I used this Claude Code proxy repository, where we just need to modify the .env.

# install claude code
curl -LsSf https://astral.sh/uv/install.sh | sh
uv self update
uv python install 3.14

# free-claude-code proxy
git clone https://github.com/Alishahryar1/free-claude-code.git
cd free-claude-code

1. Free NVIDIA NIM Models

Get NVIDIA NIM API Key first

Modify free-claude-code .env

Here we only need to modify two values, since the default model is already chosen here, you can try this one and you just need to modify the NVIDIA API Key.

NVIDIA_NIM_API_KEY
MODEL (default model is already chosen here nvidia_nim/z-ai/glm4.7 - check screenshot below for other models)
Leave the “freecc”, we need this

# .env configuration
# inside "cd free-claude-code"
cp .env.example .env

# modify the model values
# check screenshot below for other Models
NVIDIA_NIM_API_KEY="YOUR-NVAPI-KEY"
MODEL="nvidia_nim/z-ai/glm4.7"
ANTHROPIC_AUTH_TOKEN="freecc"

Run Claude Code + Free NVIDIA NIM Model

# inside "cd free-claude-code"
# run the proxy, make sure no error here
uv run uvicorn server:app --host 0.0.0.0 --port 8082

# run claude code with the proxy
ANTHROPIC_AUTH_TOKEN="freecc" ANTHROPIC_BASE_URL="http://localhost:8082" claude

Choose Other NVIDIA NIM Free Models

Link https://build.nvidia.com/models

Click your chosen model -> Click View Code on the right side -> Get API Key if you don’t have yet-> Get the model name -> In this example it is “moonshotai/kimi-k2.6”

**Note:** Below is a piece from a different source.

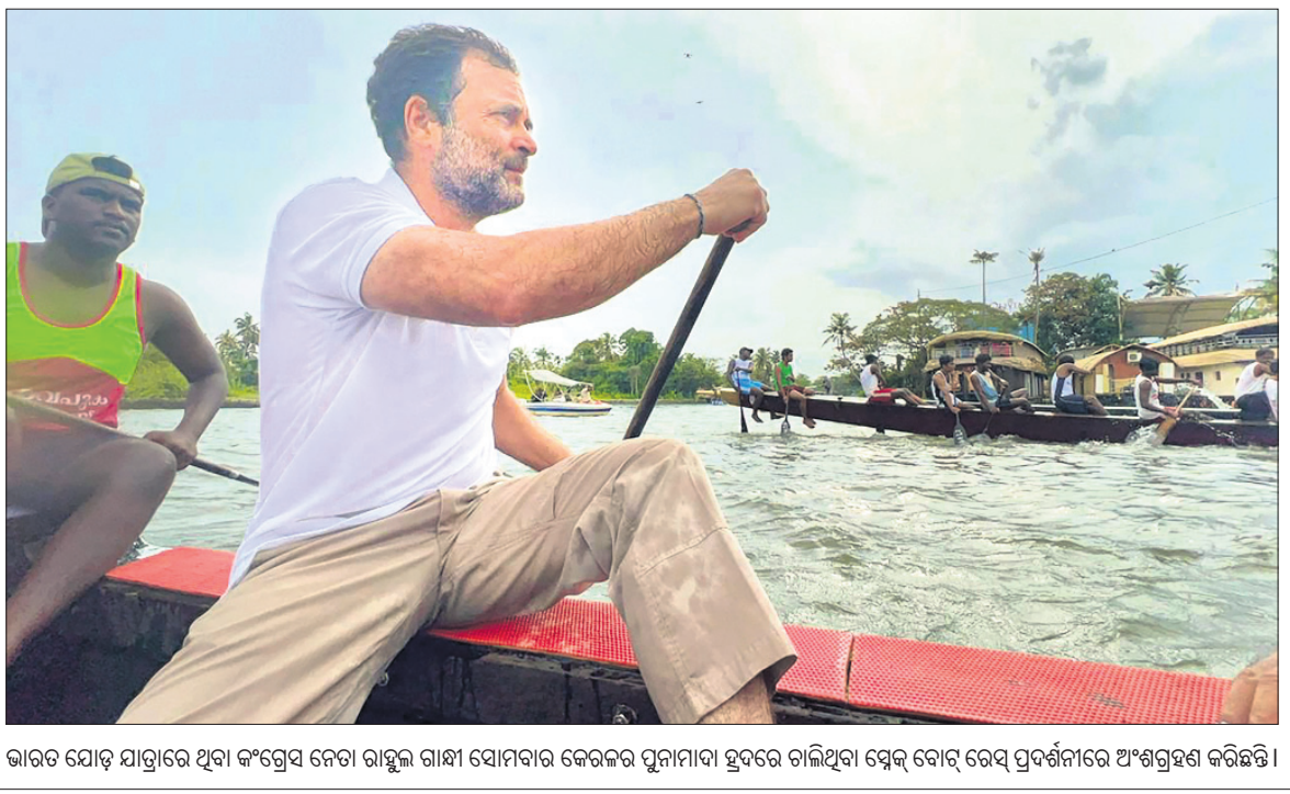
ଭାରତ ଯୋଡ଼ା ଯାତ୍ରାରେ ଥିବା କଂଗ୍ରେସ ନେତା ରାହୁଲ ଗାନ୍ଧୀ ଯୋମାବାର କେରଳର ପୁନାମାଦା ହ୍ରଦରେ ଚାଲିଥିବା ସ୍ପେକ୍ଟାକୁଲାର୍ ସ୍ପୋର୍ଟସ୍ ପ୍ରଦର୍ଶନୀରେ ଅଂଶଗ୍ରହଣ କରିଛନ୍ତି ।

Modify .env for your chosen model

# modify the values
NVIDIA_NIM_API_KEY="YOUR-NVAPI-KEY"
MODEL="nvidia_nim/moonshotai/kimi-k2.6"

NVIDIA NIM Models Benchmark

If you wonder the speed or you are experience slowliness, let’s do a benchmark ourselves. https://github.com/PromptEngineer48/NIM-Models-Speed_Test

2. Free and Local Ollama Models

Other alternative, they have free models you can download and plug into Claude Code.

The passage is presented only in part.